5 out of 5 stars Helen Keller: Toward the Light   February 14, 2006
I gave this book a five star rating because of its excellence of discribing the life of Hellen Keller from when she was born to finally when she died. This book discribes what she did when she was blind and deaf.
This book was about how smart Helen was when she was little although she was blind and deaf. Some important events were when a teacher named Annie taught her to read with her fingers.Her parents were in desperate of getting her a teacher so she can some what get to learn something and Annie ddi her job very well. Another one is when she also learned to spell by feeling the shape and texture of any object she got. The next on is when Helen knew enough words to spell she was capeable of asking questions.

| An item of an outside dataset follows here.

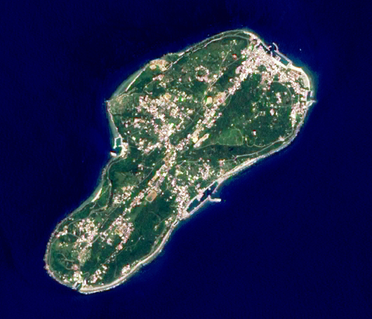 The Advanced Land Imager (ALI) on NASA’s Earth Observing-1 satellite captured this image of Lamay Island offshore southwestern Taiwan. This 10-meter resolution false-colored image shows the old airstrip has been occupied by the buildings on the island.

For example she asked "What do my mother, father and sister, and teacher look like?" She also learned how to count with wooden beads and straws. Lastly when Annie and Helen moved in together, because her family thet she had lived with had died, Helen and Annie stoped traveling to make their lecture trips which was caused by the the sad war news. When Annie, the teacher, had died Helen started recieving sympathy letters from strangers around the world. She soon started to give speaches and give help to the blind and the deaf.
I thought this was a great book so i hope you do if you read this book. Enjoy!
-Rachel*



1 out of 5 stars Flat and dull   September 1, 2003
 0 out of 1 found this review helpful

This isn''t the Hellen Keller I remember reading about as a child. I know the book is part of many school libraries, but I found the characters flat and dull. I want more detail. These were fascinating women.


5 out of 5 stars Helen's mother and father ate their supper sadly?   August 27, 2001
 0 out of 1 found this review helpful

I love this book Helen Keller? Downstairs Helen's mother and father ate their supper sadly because their daughter acted up on their birthday? It is a good book.


4 out of 5 stars almost perfect!   June 5, 2000
 0 out of 3 found this review helpful

when i read this book, i though it was really good. helen went through a hard but good life.